Tras la muerte del rabino ha comprendido, dice, que no tiene derecho a
guardarse para sí sus valiosas palabras.
Claude Lanzmann en una horca instalada en Theresienstadt durante una escena de El último de los injustos. Fotografía: Avalon. |
Porque las palabras de Murmelstein
tienen valor, de eso no cabe duda, y no solo porque el papel de los
Presidentes de Consejo durante el holocausto siga siendo objeto de
polémica. En El último de los injustos, por ejemplo, el de
Theresienstadt se sorprende por que el tribunal que condenó a muerte a
Adolf Eichmann en 1962 lo encontrase culpable solo participar
activamente en la solución final, pero no de involucrarse en hechos
singulares como la Noche de los cristales rotos. El antiguo rabino, que
confiesa sin miedo haber colaborado con el que fue responsable de la
logística del holocausto durante más de siete años, denuncia que aquella
noche histórica, la del 9 al 10 de noviembre de 1938, vio con sus
propios ojos a Eichmann, cuando no era aún teniente coronel de las SS,
abandonar Stadttempel —la Gran Sinagoga de Viena— con una palanca en la
mano, después de participar físicamente en el destrozo del edificio.
Documentada ahora con fotografías por la pieza documental, la de
Stadttempel es una historia que también nos contó el único hijo del
rabino, Wolf Murmelstein, cuando fue entrevistado en Jot Down.
No es lo único que Murmelstein le reprocha a Gideon Hausner,
el fiscal durante el proceso judicial al que fue sometido Eichmann tras
ser descubierto por el Mossad en Buenos Aires. También que en su libro Justice in Jerusalem pintase a los Judenräte —como él mismo o como el célebre Chaim Rumkowski,
el Presidente del Consejo judío del campo de Lodz— como «herramientas,
marionetas» de los nazis, una acusación que acabó por reverberar el
trabajo filosófico de Hannah Arendt a raíz también de aquel proceso. Es por supuesto de lo que va El último de los injustos
y la razón por la que este documental oscuro, brillantemente hilado y
acertadamente calmado, se hace pertinente incluso cuando han pasado casi
siete décadas desde el terror y parece que ya todo está contado. En
particular en lo que concierne a los Presidentes de Consejo judíos,
clasificados por la historia convencional como basura colaboracionista.

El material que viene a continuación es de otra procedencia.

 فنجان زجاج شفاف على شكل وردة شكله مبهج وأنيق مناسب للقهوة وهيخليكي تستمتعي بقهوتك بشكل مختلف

Murmelstein fue el único conocido que sobrevivió a los campos y durante
treinta años, hasta su entrevista con Lanzmann, se negó a hablar sobre
su papel en la planificación del exterminio de los judíos.

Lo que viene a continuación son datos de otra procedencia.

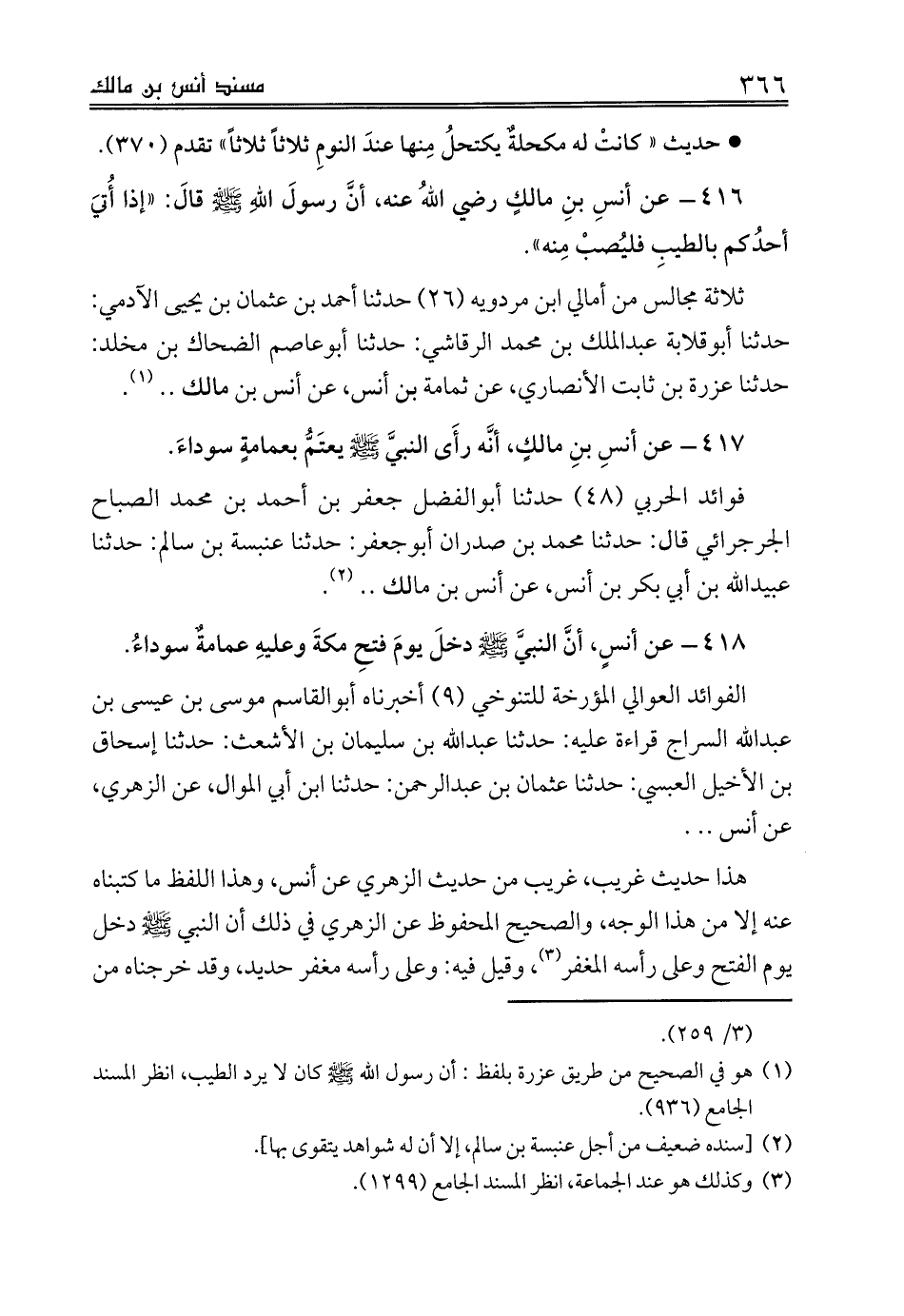 الفوائد العوالي المؤرخة للتنوخي (9) أخبرناه أبوالقاسم موسى بن عيسى بن عبدالله السراج قراءة عليه: حدثنا عبدالله بن سليمان بن الأشعث: حدثنا إسحاق بن الأخيل العبسي: حدثنا عثمان بن عبدالرحمن: حدثنا ابن أبي الموال، عن الزهري، عن أنس .. .

No revelaremos aquí, porque sería
traicionarlo, en qué pormenores confesó haber participado este anciano
ni a qué términos llegan sus explicaciones en los materiales de 1975 que
compila El último de los injustos, que se estrena el próximo 10
de enero en salas de cine y simultáneamente en internet —en las
plataformas Yomvi y Filmin—. Sirva para hacerse una idea el concepto
metafórico que defiende Murmelstein de la vilipendiada condición de los Judenräte
como él. «Le diré algo fundamental sobre la tarea del Presidente de
Consejo», le espeta a Lanzmann en un momento de la cinta. «El Presidente
del Consejo estaba en posición de ser una marioneta, pero hasta esta
marioneta debía actuar de forma que su posición le permitiera influir en
el curso de las cosas. Nadie lo entendía ni debía entenderlo. De lo
contrario, se habría llegado a la sangre».